◆ Input data
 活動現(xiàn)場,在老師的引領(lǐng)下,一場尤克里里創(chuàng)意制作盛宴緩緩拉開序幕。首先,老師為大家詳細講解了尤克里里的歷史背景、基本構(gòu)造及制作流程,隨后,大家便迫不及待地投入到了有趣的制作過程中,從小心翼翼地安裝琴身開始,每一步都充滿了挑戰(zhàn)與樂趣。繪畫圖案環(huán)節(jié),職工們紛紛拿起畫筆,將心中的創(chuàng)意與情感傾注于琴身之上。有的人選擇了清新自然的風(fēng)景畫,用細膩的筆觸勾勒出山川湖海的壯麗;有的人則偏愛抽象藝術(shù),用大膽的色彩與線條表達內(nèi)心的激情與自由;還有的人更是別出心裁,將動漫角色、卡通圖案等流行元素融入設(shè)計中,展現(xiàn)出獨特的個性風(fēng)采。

...

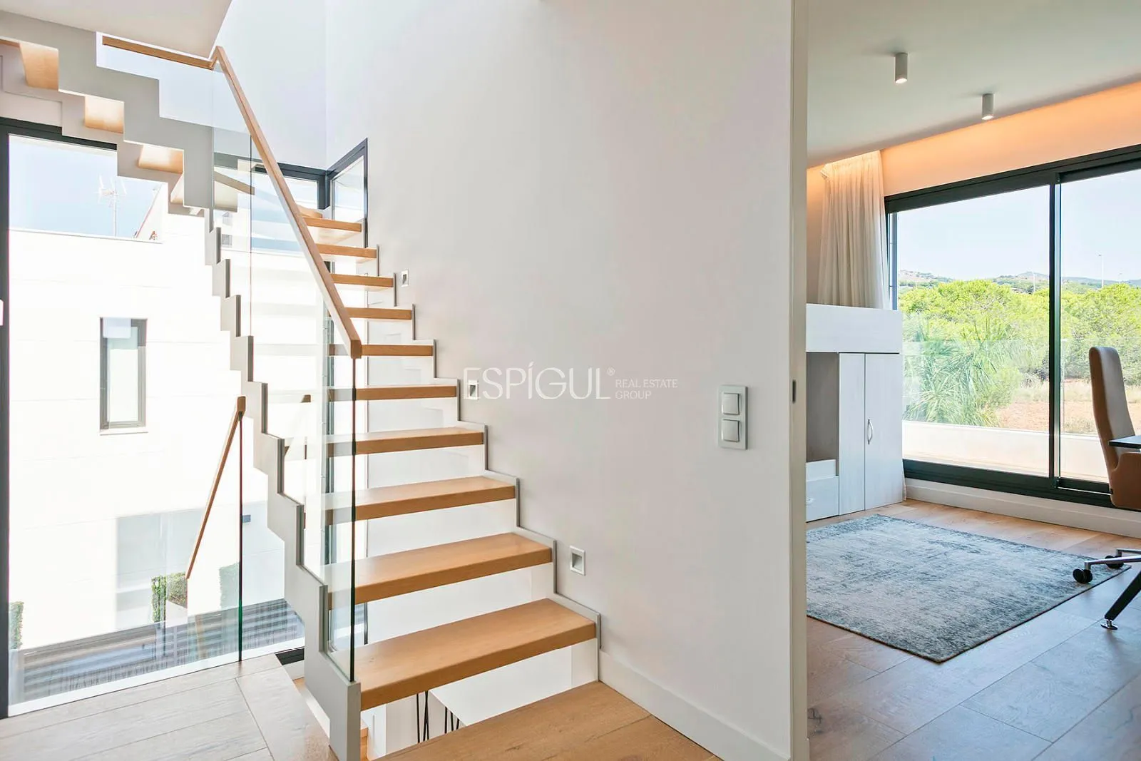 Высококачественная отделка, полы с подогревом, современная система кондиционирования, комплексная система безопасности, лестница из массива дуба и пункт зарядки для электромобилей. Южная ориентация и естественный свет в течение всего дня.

--

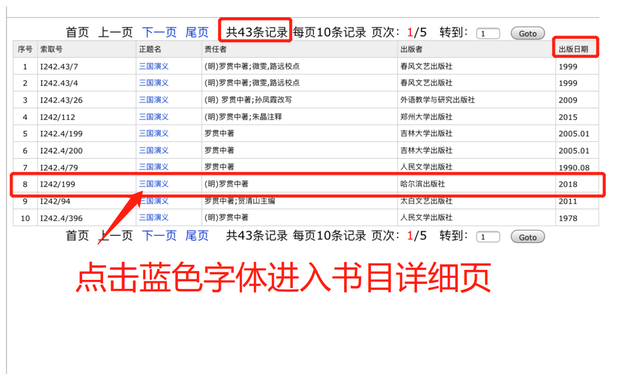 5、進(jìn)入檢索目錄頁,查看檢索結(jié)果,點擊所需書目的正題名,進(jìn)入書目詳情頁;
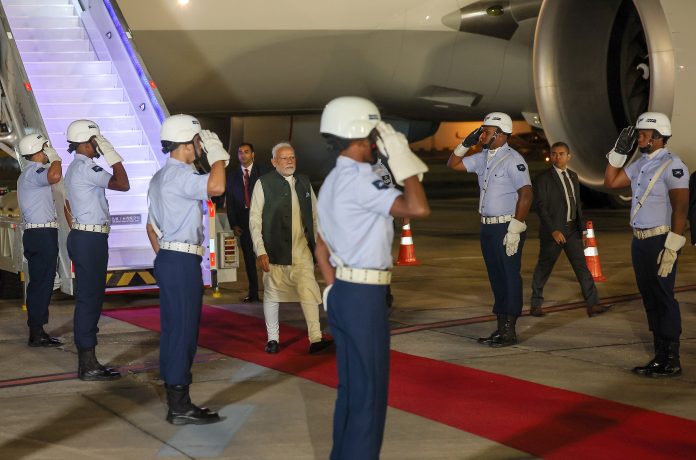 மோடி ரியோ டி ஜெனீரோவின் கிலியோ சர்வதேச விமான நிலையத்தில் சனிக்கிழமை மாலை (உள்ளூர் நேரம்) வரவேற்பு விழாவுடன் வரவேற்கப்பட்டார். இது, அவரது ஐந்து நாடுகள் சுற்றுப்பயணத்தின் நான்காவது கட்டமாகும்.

◆ Work to complete
Take only the lines above from the one that has "5、進(jìn)入檢索目錄頁" through the one that has "மோடி ரியோ டி" and reproduce them exactly, omitting any pictures.

◆ Written answer
 5、進(jìn)入檢索目錄頁,查看檢索結(jié)果,點擊所需書目的正題名,進(jìn)入書目詳情頁;
 மோடி ரியோ டி ஜெனீரோவின் கிலியோ சர்வதேச விமான நிலையத்தில் சனிக்கிழமை மாலை (உள்ளூர் நேரம்) வரவேற்பு விழாவுடன் வரவேற்கப்பட்டார். இது, அவரது ஐந்து நாடுகள் சுற்றுப்பயணத்தின் நான்காவது கட்டமாகும்.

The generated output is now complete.